This paper implements two protocols, one called Mostly-Ordered Multicast (MOM), and one called Speculative Paxos, that uses the properties of a datacenter (fast packets, reliably ordered, nearly identically to consumers) to speed up network transmissions.
Multicast in the DC
Normal multicast can reorder messages because of network hops + congestions — consumers can see packets in a different order from their neighbors.
There are three network-level designs discussed in the paper, each with more constraints and less performance.
- Toplogy-aware multicast
- Route multicast traffic so all receives see the same number of hops
- This prevents reordering due to path length differences.
- High-priority multicast (QoS).
- Topology aware multicast sends MOM packets in a priority queue over other traffic.
- Less reordering due to queueing and congestion.
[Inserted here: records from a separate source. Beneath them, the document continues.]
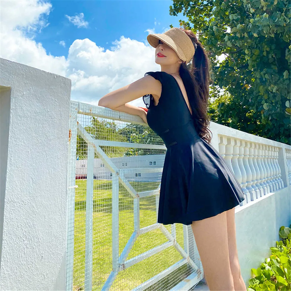 Женский слитный купальник в Корейском стиле, однотонный купальник с пуш-ап, монокини с юбкой, купальник с оборками, трикини, накладка, купальный костюм из шифона
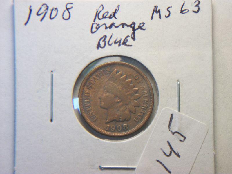 1908 MS-63 RED, ORANGE, AND BLUE INDIAN HEAD CENT
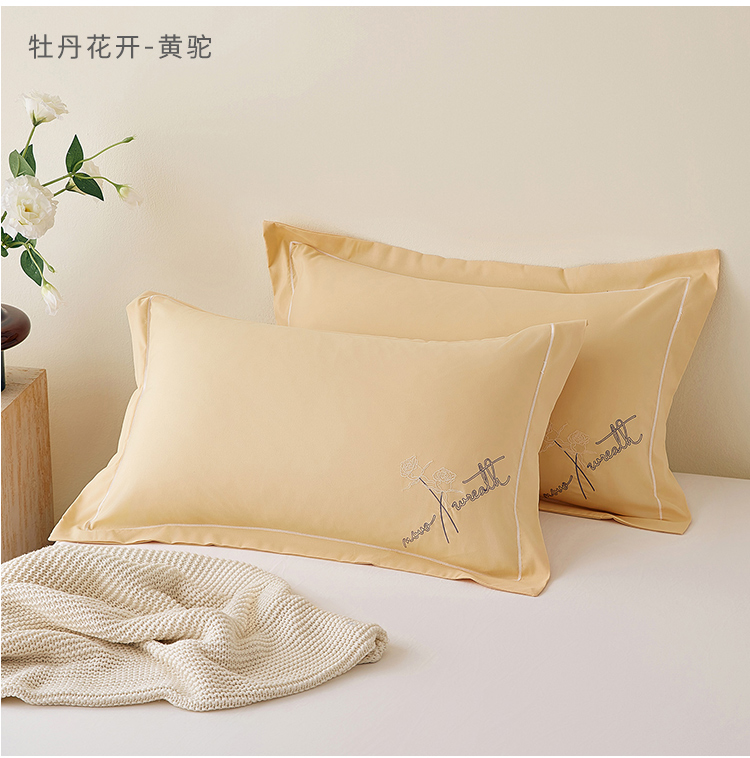 商品名称:丰淘家纺 2025新款60水洗棉精美刺绣枕套-牡丹花开 牡丹花开-米黄
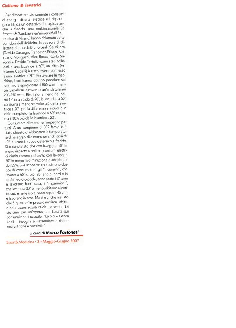 A proposito di risparmio energetico , bucato e.....ciclismo sfogliando una vecchia rivista di "Sport e Medicina" ho trovato questo articolo che descrive un curioso esperimento fatto da una nota casa di detersivi che mette insieme ciclisti,lavatrici e temperature ideali di lavaggio.
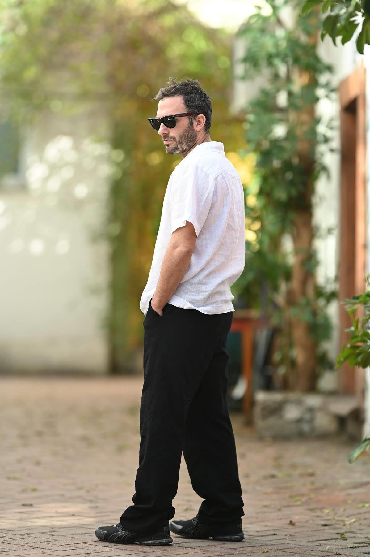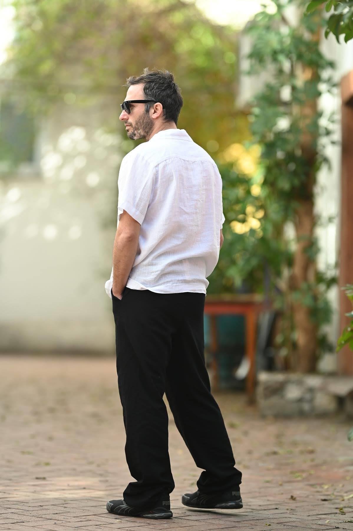 White Blazer Collar Short Sleeve Linen Men's Shirt
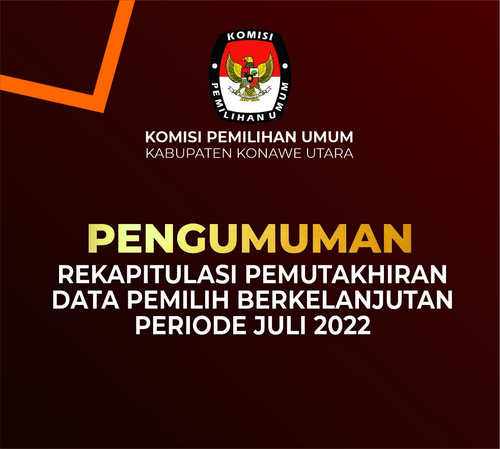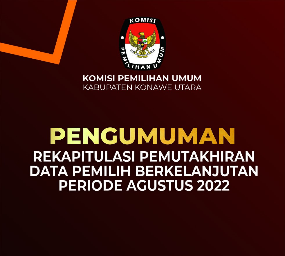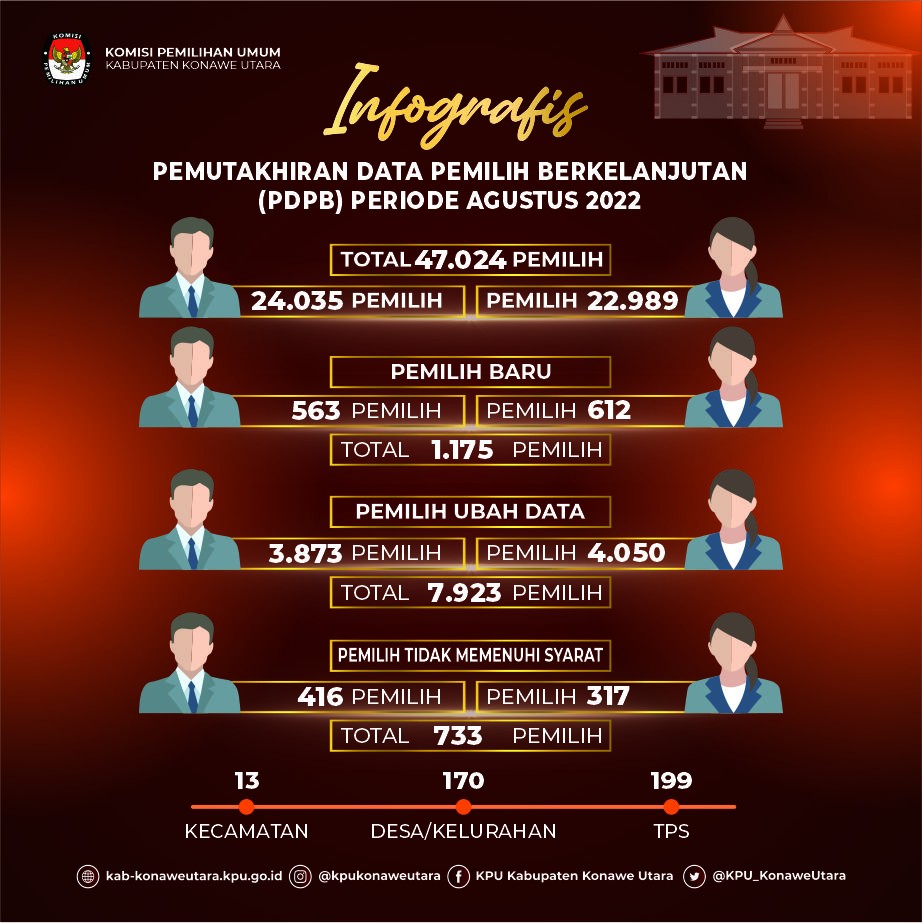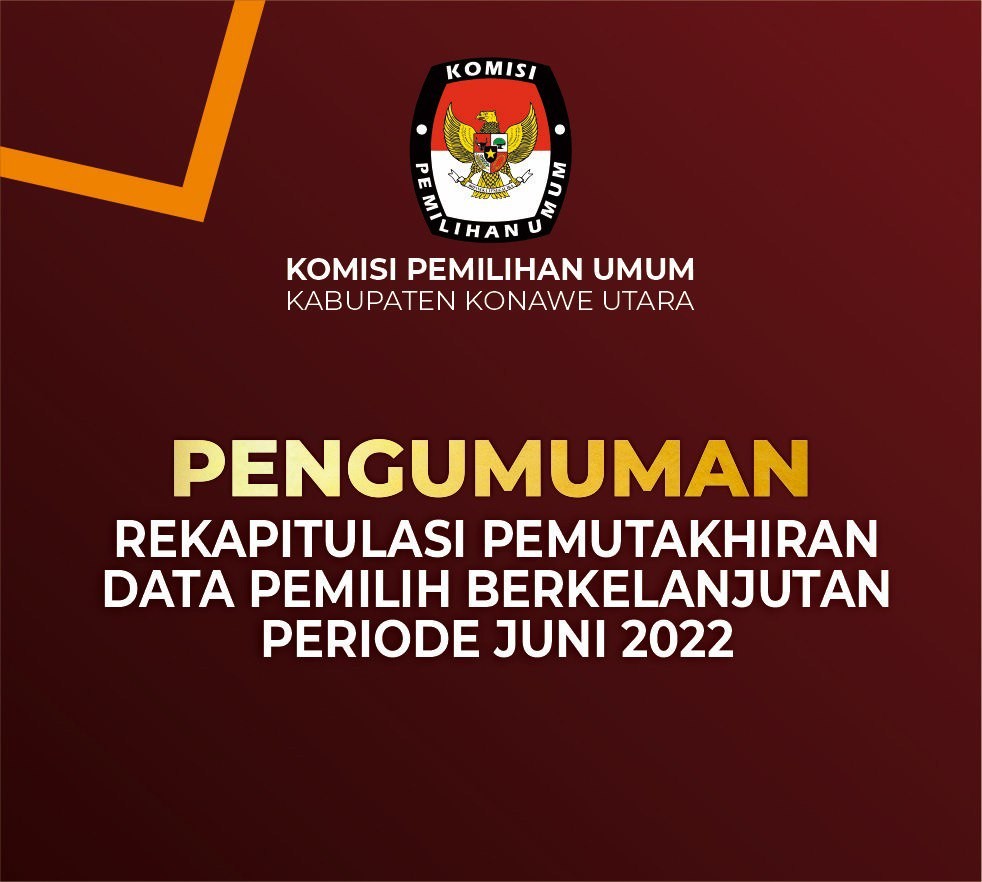 Wanggudu, Selasa (30/08) KPU Kabupaten Konawe Utara menggelar Rapat Pleno Rutin yang salah satu agendanya adalah Rekapitulasi Pemutakhiran Daftar Pemilih Berkelanjutan Periode Agustus 2022. Digelar di Ruang Rapat Kantor KPU Kabupaten Konawe Utara, Pelaksanaan Rekapitulasi ini berdasarkan ketentuan Peraturan Komisi Pemilihan Umum Nomor 6 Tahun 2021 tentang Pemutakhiran Data Pemilih Berkelanjutan. Rapat Rekapitulasi tersebut menghasilkan hal-hal sebagai berikut: Rekapitulasi Pemutakhiran Daftar Pemilih Berkelanjutan (PDPB) Bulan Agustus 2022 adalah sebagai berikut : Pemilih Baru sejumlah 1175 (seribu seratus tujuh puluh lima) dengan rincian pemilih laki-laki berjumlah 563 (lima ratus enam puluh tiga) pemilih dan pemilih perempuan berjumlah 612 (enam ratus dua belas) pemilih yang tersebar di 13 (tiga belas) Kecamatan, 170 (seratus tujuh puluh) Desa/Kelurahan dan 199 (seratus Sembilan puluh sembilan) TPS se-Kabupaten Konawe Utara; Pemilih Tidak Memenuhi Syarat (TMS) sejumlah 733 (tujuh ratus tiga puluh tiga) dengan rincian pemilih laki-laki berjumlah 416 (empat ratus enam belas) pemilih dan pemilih perempuan berjumlah 317 (tiga ratus tujuh belas) pemilih yang tersebar di 13 (tiga belas) Kecamatan, 170 (seratus tujuh puluh) Desa/Kelurahan dan 199 (seratus Sembilan puluh sembilan) TPS se-Kabupaten Konawe Utara; Pemilih Ubah Data sejumlah 7923 (tujuh ribu Sembilan ratus dua puluh tiga) dengan rincian pemilih laki-laki berjumlah 3873 (tiga ribu delapan ratus tujuh puluh tiga) pemilih dan pemilih perempuan berjumlah 4050 (empat ribu lima puluh) pemilih yang tersebar di 13 (tiga belas) Kecamatan, 170 (seratus tujuh puluh) Desa/Kelurahan dan 199 (seratus Sembilan puluh sembilan) TPS se-Kabupaten Konawe Utara. Sehingga Rekapitulasi Pemutakhiran Data Pemilih Berkelanjutan (PDPB) Periode Agustus 2022 menjadi 47.024 (empat puluh tujuh ribu ldua puluh empat) pemilih dengan rincian Laki-Laki sebanyak 24.035 (dua puluh empat ribu tiga puluh lima) pemilih, dan Perempuan sebanyak 22.989 (dua puluh dua ribu sembilan ratus delapan puluh sembilan) pemilih yang tersebar di 13 (tiga belas) Kecamatan, 170 (seratus tujuh puluh) Desa/Kelurahan dan 199 (seratus sembilan puluh sembilan) TPS se-Kabupaten Konawe Utara. Download Pengumuman disini
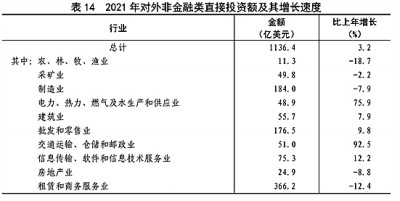 全年對外非金融類直接投資額7332億元,比上年下降3.5%,折1136億美元,增長3.2%。其中,對“一帶一路”沿線國家非金融類直接投資額203億美元,增長14.1%。(見表14)
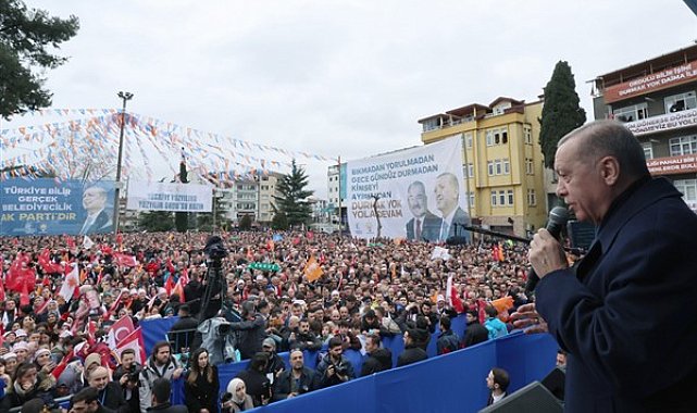Erdoğan'ın konuşmasından bazı satır başları şöyle:"Rabbim'in müstesna bir mücevher gibi Karadeniz'in gerdanına kondurduğu güzeller güzeli Giresun. Milli iradenin ve milli dayanışmanın şehri yiğit Giresun seni bugün birkez daha yürekten selamlıyorum.Buradan sizlerin vasıtasıyla tüm Giresun'a, her bir Giresunlu kardeşime selamlarımı, sevgilerimi gönderiyorum. Maşallah bugün Giresun her zamanki gibi yine çok güzel.Her birinize aşkınız ve muhabbetiniz için teşekkür ediyorum. Sözlerimin hemen başında Giresun'a olan şükran borcumuzu ödemek istiyorum.Giresun, şimdiye kadar girdiğimiz seçimlerde bizi hiç yalnız bırakmadı. Her zaman Türkiye ortalamasının çok üzerinde oy oranlarıyla Giresunlu kardeşlerimiz bize sahip çıktı.14-28 Mayıs seçimlerinde de Giresun yine kendisine yakışanı yaptı. İlk turda yüzde 61 oy oranıyla, ikinci turda yüzde 65'e yaklaşan bir oranla bize destek veren Giresun'a şükranlarımı sunuyorum. Allah hepinizden razı olsun.Bu davaya, bu kardeşinize, Cumhur İttifakı'na sahip çıktığınız için Mevla sizlerden razı olsun. Siz bizimle yol yürüdüğünüz müddetçe Allah'ın izniyle biz de Giresun'a aşkla hizmet etmeyi sürdüreceğiz. Biliyorsunuz önümüzde çok kritik bir seçim daha var.Bundan 45 gün sonra hep birlikte tekrar sandıklara gideceğiz. Bu sefer il, ilçe ve beldelerimizi yönetecek kadroları belirleyeceğiz.Giresun'ndan yine rekor bir oy alacağımızdan şüphe duymuyorum. Giresun'un 31 Mart'ta da sandıkları patlatacağına yürekten inanıyorum. Elbette bunun için her zamankinden daha çok çalışacağız, daha fazla ter dökeceğiz, daha çok koşturacağız.Ülkemizin içinde yer aldığı coğrafya gerçekten sancılı günlerden geçiyor. Karadeniz'in hemen öte yakasında iki komşumuz arasındaki savaş 2'nci yılını doldurmak üzere. Rusya-Ukrayna savaşında şimdiye kadar on binlerce insan öldü, on binlercesi yaralandı, yüz binlerce insan göç etmek zorunda kaldı.Küresel ekonomi, enerji ve gıda fiyatlarındaki aşırı artış sebebiyle çok ciddi sıkıntıyla karşılaştı. Sizler de o günleri çok iyi hatırlıyorsunuz. Doğalgaz fiyatlarının zirveye ulaştığı dönemlerde öyle günler gördük ki kimi Avrupa ülkelerinde lambalar söküldü, kombiler kapatıldı, devlet daireleri çalışanlarına battaniye dağıttı. Ama benim ülkemde doğal gaz aynı şekilde devam etti.Şu anda Karadeniz doğalgazı devam ediyor. Hani olmayacaktı? Bak bizde oluyor. Gabar'dan petrol çıkıyor. Gıda krizinden dolayı dünyanın birçok ülkesinde ciddi sıkıntılar, açlıklar, yokluklar yaşandı.Muhalefet tarafından sürekli bize örnek gösterilen ülkelerin esasında kağıttan birer kaplan olduğu böylece anlaşılmış oldu. Türkiye en zor süreçleri en başarılı yöneten ülkelerden biri.Salgın döneminde üretimden, istihdamdan taviz vermedik. Destek ve hibe programlarımızla toplumumuzun yanında yer aldık. Güçlü ve modern altyapımız sayesinde hiçbir vatandaşımızı çaresiz bırakmadık.Ukrayna-Rusya krizinde ise başkaları gibi ateşe benzin dökmek yerine tüm imkanlarımızla yangını söndürmeye çalıştık. Hatırlarsanız o dönem CHP ve ortakları bizi savaşa sürüklemek için çok uğraştı, çok çaba harcadı.Eksen kayması diye bir şey uydurarak Türkiye'yi birilerinin yanında savaşa dahil etmek için pek çok yol denediler. Savaş çığırtkanlığını en son 14-28 Mayıs seçimlerinde asılsız iddialarla Rusya'yı suçlamaya varacak kadar ileri taşıdılar. Ama biz bunlara kulak asmadık.Muhalefetin savaş tellallığına asla prim vermedik. CHP ve ortakları gibi meselelere batılıların gözünden değil, milletimizin zaviyesinden baktık. Türkiye'nin çıkarları neyi gerektiriyorsa, milletimiz için en iyisi, en doğrusu neyse onu yapmanın gayretinde olduk.Zaman bizi haklı, muhalefeti yine haksız çıkardı. Bugün elimizi vicdanımıza koyup şöyle bir muhasebe yaptığımızda ne kadar basiretli davrandığımızı çok daha iyi anlıyoruz. Tüm kışkırtmalara, tüm kirli senaryolara rağmen Karadeniz'in huzuru bozulmadı.Bölgemizdeki yangının kıvılcımı ülkemize sıçramadı. Giresun'la birlikte Karadeniz'deki tüm illerimizi tedirgin edecek ekonomik ve güvenlik açısından zora sokacak hiçbir hadise yaşanmadı. Ne muhalefetin gazına geldik ne de batılı güçlerin tuzağına düştük.Usta bir satranç oyuncusu gibi yapacağımızı aynen yaptık. Çok iyi planladık ve kararlılıkla hayata geçirdik. Böylece Türkiye'yi çok tehlikeli bir süreçten tek bir vatandaşımızın kılına dahi zarar gelmeden çıkarmayı başardık.Bugün de attığımız her adımı Türkiye eksenli atıyor, milletimizin ve devletimizin menfaatlerini düşünüyoruz. Karadeniz'den Ortadoğu'ya, bölgemiz bir yangın yerine dönmüşken yeni düşmanlıklar, yeni gerilimler olmasın diye çaba harcıyoruz.Çok açık ve net ifade etmek isterim. Bizim dış politikada tek bir amacımız vardır. O da dostlarımızın sayısını mümkün olduğunca çoğaltmaktır. Türkiye Yüzyılı'nın aynı zamanda barışın da yüzyılı olmasını istiyorsak dost ve kardeş ülkelerle iş birliğimizi geliştirmekten başka yolumuz yok.Emperyalist güçlerin bölgemize yönelik oyunlarını bozmak istiyorsak kardeş ülkelerle birbirimize kenetlenmek mecburiyetindeyiz. Görüş ayrılıklarına takılıp kalmak yerine iş birliği alanlarına odaklanmak zorundayız. Şu hakikatin hepimiz farkındayız. Vahdet olmadan rahmet olmaz.Bilhassa Gazze'deki akan kanı durdurmak, İsrail'in katliamlarının önüne geçmek istiyorsak kardeşlerimizle saflarımızı sıklaştırmak gerekiyor. Birleşik Arap Emirlikleri ve Mısır ziyaretimiz bu açıdan çok başarılı geçti. Devlet başkanlarıyla ticaret ve yatırımların yanı sıra Filistin meselesini de görüştük.Her iki ülkeyle de iş birl

Skew is reduced.
- In-network serialization
- Route all multicasts for a group through a switch which handles serialization.
- As long as the switch preserves per-port FIFO, this has perfect ordering.
They note that reorder rates of packets with topology aware multicast goes from ~10% to 0.1%.
Speculative Paxos
Given this design of multicast, the authors introduce speculative paxos, a state machine replication protocol.
- Using multicast from clients to all replicas
- letting replicas speculatively execute operations in order by MOM
- Ensures correctness up to failures.
This is done with:
- Speculative execution + hashing:
- Each replica gets a sequence number and executes operations as they arrive, logging them as SPECULATIVE.
- It maintains a rolling summary hash over the log, for fast prefix checking.
- Clients wait for speculative replies from a quorum, + + 1 replicas.
- If there’s a quorum, the client commits after two message delays.
- Period synchronization
- A leader runs a lightweight sync to confirm replicas agree on prefixes
- Matching quorums mark operations up to that one as committed and inform replicas
- Reconciliation
- If hash mismatches or timeouts reveal divergence, the system runs a reconciliation protocol
- And the leader merges logs, where operations eventually appear in some order.
- Replicas then rollback speculative operations that don’t match the combined log and re-execute.
Results
On a 12-switch testbed:
- 40% lower latency, and 2.6x higher throughput compared to paxos.
- However, when reordering is >0.1%, reconciliation costs grow, and performance dips below paxos’.